#### Given material

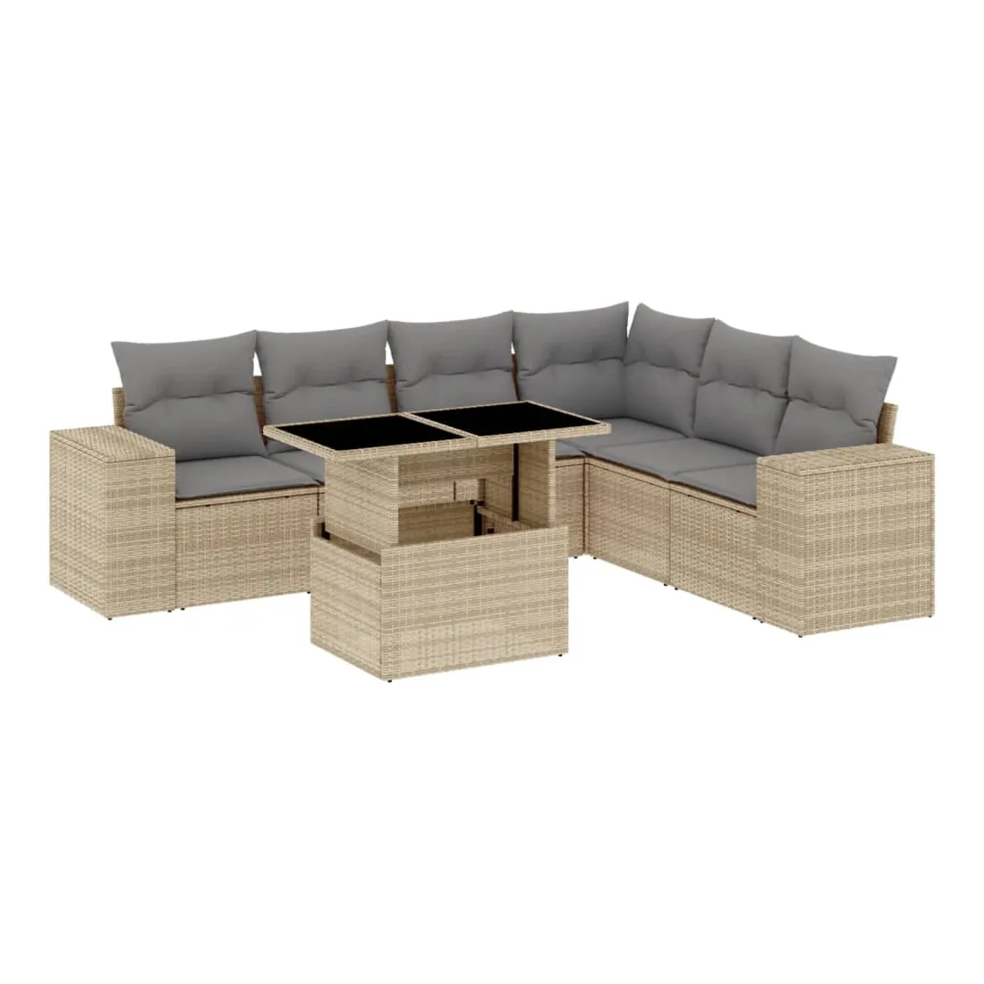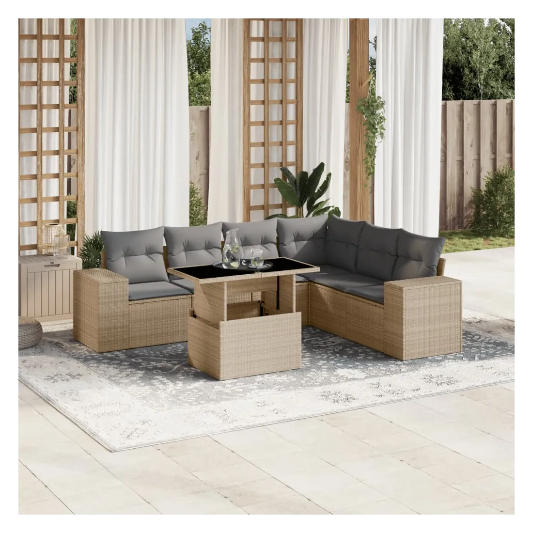 Cet ensemble de canapés de jardin est le complément parfait de votre arrière-cour, terrasse ou patio, offrant un espace confortable et accueillant pour discuter avec la famille et les amis ou simplement se détendre et profiter de l'extérieur. Matériau durable : la résine tressée, également connue sous le nom de poly rotin, est un matériau synthétique solide et nécessitant peu d'entretien qui ressemble au rotin naturel. Il est léger, facile à nettoyer et couramment utilisé pour les meubles d'extérieur en raison de sa durabilité et de ses propriétés de résistance aux intempéries.Dessus de table réglable : le dessus de table peut être soulevé pour rendre la table plus haute, ce qui transforme la table d'extérieur d'une table basse à une table de salle à manger. Elle est parfaite pour recevoir des invités ou prendre des repas à l'extérieur.Expérience d'assise confortable : ce mobilier d'extérieur, doté de coussins épais, offre une expérience d'assise confortable.Housse amovible et lavable : ces coussins de siège sont dotés de housses amovibles pour un lavage et un entretien faciles.Conception modulaire : cet ensemble de meubles d'extérieur a une conception modulaire, ce qui le rend complètement flexible et facile à déplacer, afin que vous puissiez créer un agencement de meubles d'extérieur personnalisé. Bon à savoir :Pour que vos meubles d'extérieur restent beaux, nous vous recommandons de les protéger avec une housse imperméable.
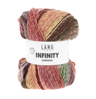 INFINITY is a single ply yarn made with extrafine merino wool, notable for a unique colour design. Each ball is made in such a way that there is no pattern repeat - the same colours appear again and again, but at irregular intervals, in a different sequence and with varying intensity.
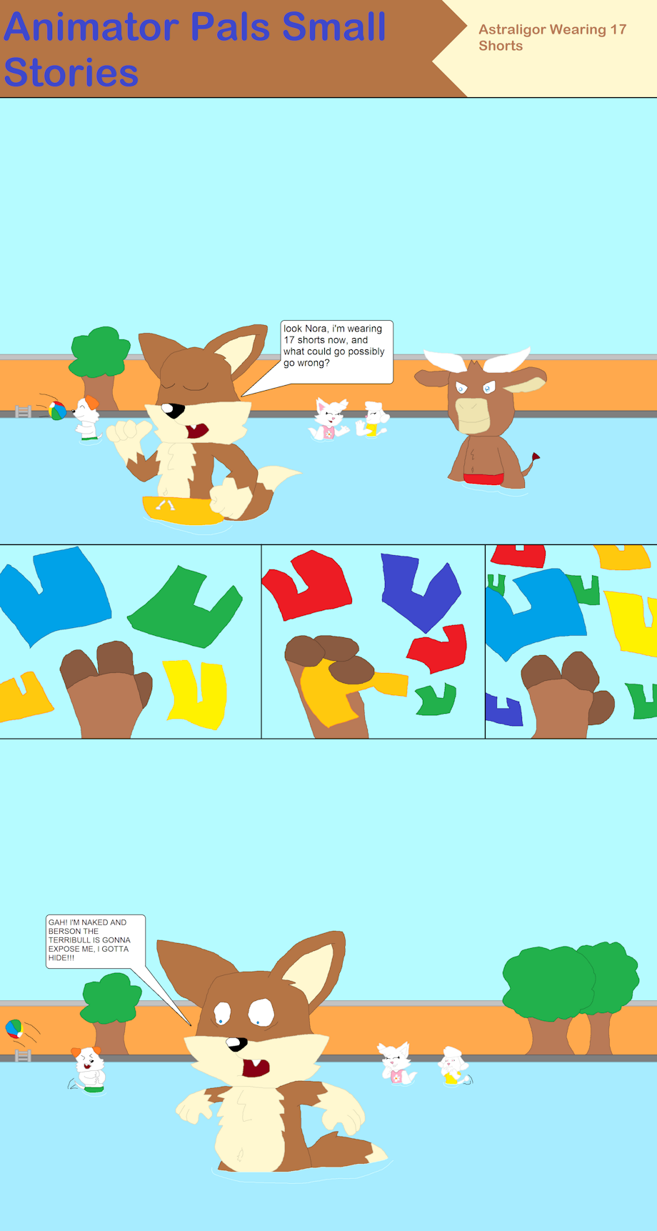 Araguania was hitting a huge heat wave, the temperatures we're hitting 41 degrees celsius, the crime waves we're high but the heat wave was to the limits, astraligor's class we're started to overheat if they don't get refereshed enough, then the principal said that astraligor's class was going to the public pool club near a few streets, so they packed up their swimshorts and speedos and any other bath suits and went to the pools. after arriving at the public pool club, astraligor was ready enough to outsmart his bullies, then he said to nora "look nora, i'm wearing 17 shorts, and don't worry i won't lost them, what could possibly go wrong?", then Berson the bull has rushed to astraligor and started to take off all of his 17 swimshorts leaving the fox boy bare naked "GAH I'M NAKED AND EVEN WORSE THAN THAT, BERSON WILL EXPOSE ME, I GOTTA HIDE VERY QUICK!!" paniced astraligor, then he started to hide his bare nude body down the water, nora saw a brown foxy tail on the water and gave astraligor a towel so he won't be very humiliated, then nora and her twin brother we're looking for berson to give back his swimshorts but a bush grabs astraligor's towel leaving him in the nude again, he realized his towel wasn't there and yelled "OH MAI GOSHI, MY TOWEL IS MISSING", "calm down big bro, i'll get you out of this situation befo-", "look guys, ASTRALIGOR IS NAKED, LET'S HUMILIATE HIM! HAHAHA!!!" then the croud started to laugh at the fox boy's ashamed nude body, before heading back to the bus Berson punches astraligor's arm on ruining their pool day and Maria Gataíde filmed astraligor's embarasing situation and she will upload on the school's blog on a archive called Astraligor's Ashamed Adventures Compilation and upload it on AventurionTube. after arriving home, Anthonitecus saw the video and the blue wolf was laughing a lot but it made astraligor cry into his room, alycia told his husband to help him surpass his shame, anton enters his room and he told him that when he was adventuring in ancient rome he forgot his adventurer cloth on the washing room leaving the blue wolf being naked in public and even worse than that, the emperor saw the blue wolf's nude body and registered it on the funniest moments in rome, astraligor laughed a little but anton was also in the laughter with his son, the duo laughed a lot about their embarasing moments envolving water, public pools and shower rooms, anton and astraligor then decided to go on another adventure just to make the brown fox feel better.

#### To do
The reply should contain all of the data above, word for word, with no pictures.

#### Solution for this exercise
 Cet ensemble de canapés de jardin est le complément parfait de votre arrière-cour, terrasse ou patio, offrant un espace confortable et accueillant pour discuter avec la famille et les amis ou simplement se détendre et profiter de l'extérieur. Matériau durable : la résine tressée, également connue sous le nom de poly rotin, est un matériau synthétique solide et nécessitant peu d'entretien qui ressemble au rotin naturel. Il est léger, facile à nettoyer et couramment utilisé pour les meubles d'extérieur en raison de sa durabilité et de ses propriétés de résistance aux intempéries.Dessus de table réglable : le dessus de table peut être soulevé pour rendre la table plus haute, ce qui transforme la table d'extérieur d'une table basse à une table de salle à manger. Elle est parfaite pour recevoir des invités ou prendre des repas à l'extérieur.Expérience d'assise confortable : ce mobilier d'extérieur, doté de coussins épais, offre une expérience d'assise confortable.Housse amovible et lavable : ces coussins de siège sont dotés de housses amovibles pour un lavage et un entretien faciles.Conception modulaire : cet ensemble de meubles d'extérieur a une conception modulaire, ce qui le rend complètement flexible et facile à déplacer, afin que vous puissiez créer un agencement de meubles d'extérieur personnalisé. Bon à savoir :Pour que vos meubles d'extérieur restent beaux, nous vous recommandons de les protéger avec une housse imperméable.
 INFINITY is a single ply yarn made with extrafine merino wool, notable for a unique colour design. Each ball is made in such a way that there is no pattern repeat - the same colours appear again and again, but at irregular intervals, in a different sequence and with varying intensity.
 Araguania was hitting a huge heat wave, the temperatures we're hitting 41 degrees celsius, the crime waves we're high but the heat wave was to the limits, astraligor's class we're started to overheat if they don't get refereshed enough, then the principal said that astraligor's class was going to the public pool club near a few streets, so they packed up their swimshorts and speedos and any other bath suits and went to the pools. after arriving at the public pool club, astraligor was ready enough to outsmart his bullies, then he said to nora "look nora, i'm wearing 17 shorts, and don't worry i won't lost them, what could possibly go wrong?", then Berson the bull has rushed to astraligor and started to take off all of his 17 swimshorts leaving the fox boy bare naked "GAH I'M NAKED AND EVEN WORSE THAN THAT, BERSON WILL EXPOSE ME, I GOTTA HIDE VERY QUICK!!" paniced astraligor, then he started to hide his bare nude body down the water, nora saw a brown foxy tail on the water and gave astraligor a towel so he won't be very humiliated, then nora and her twin brother we're looking for berson to give back his swimshorts but a bush grabs astraligor's towel leaving him in the nude again, he realized his towel wasn't there and yelled "OH MAI GOSHI, MY TOWEL IS MISSING", "calm down big bro, i'll get you out of this situation befo-", "look guys, ASTRALIGOR IS NAKED, LET'S HUMILIATE HIM! HAHAHA!!!" then the croud started to laugh at the fox boy's ashamed nude body, before heading back to the bus Berson punches astraligor's arm on ruining their pool day and Maria Gataíde filmed astraligor's embarasing situation and she will upload on the school's blog on a archive called Astraligor's Ashamed Adventures Compilation and upload it on AventurionTube. after arriving home, Anthonitecus saw the video and the blue wolf was laughing a lot but it made astraligor cry into his room, alycia told his husband to help him surpass his shame, anton enters his room and he told him that when he was adventuring in ancient rome he forgot his adventurer cloth on the washing room leaving the blue wolf being naked in public and even worse than that, the emperor saw the blue wolf's nude body and registered it on the funniest moments in rome, astraligor laughed a little but anton was also in the laughter with his son, the duo laughed a lot about their embarasing moments envolving water, public pools and shower rooms, anton and astraligor then decided to go on another adventure just to make the brown fox feel better.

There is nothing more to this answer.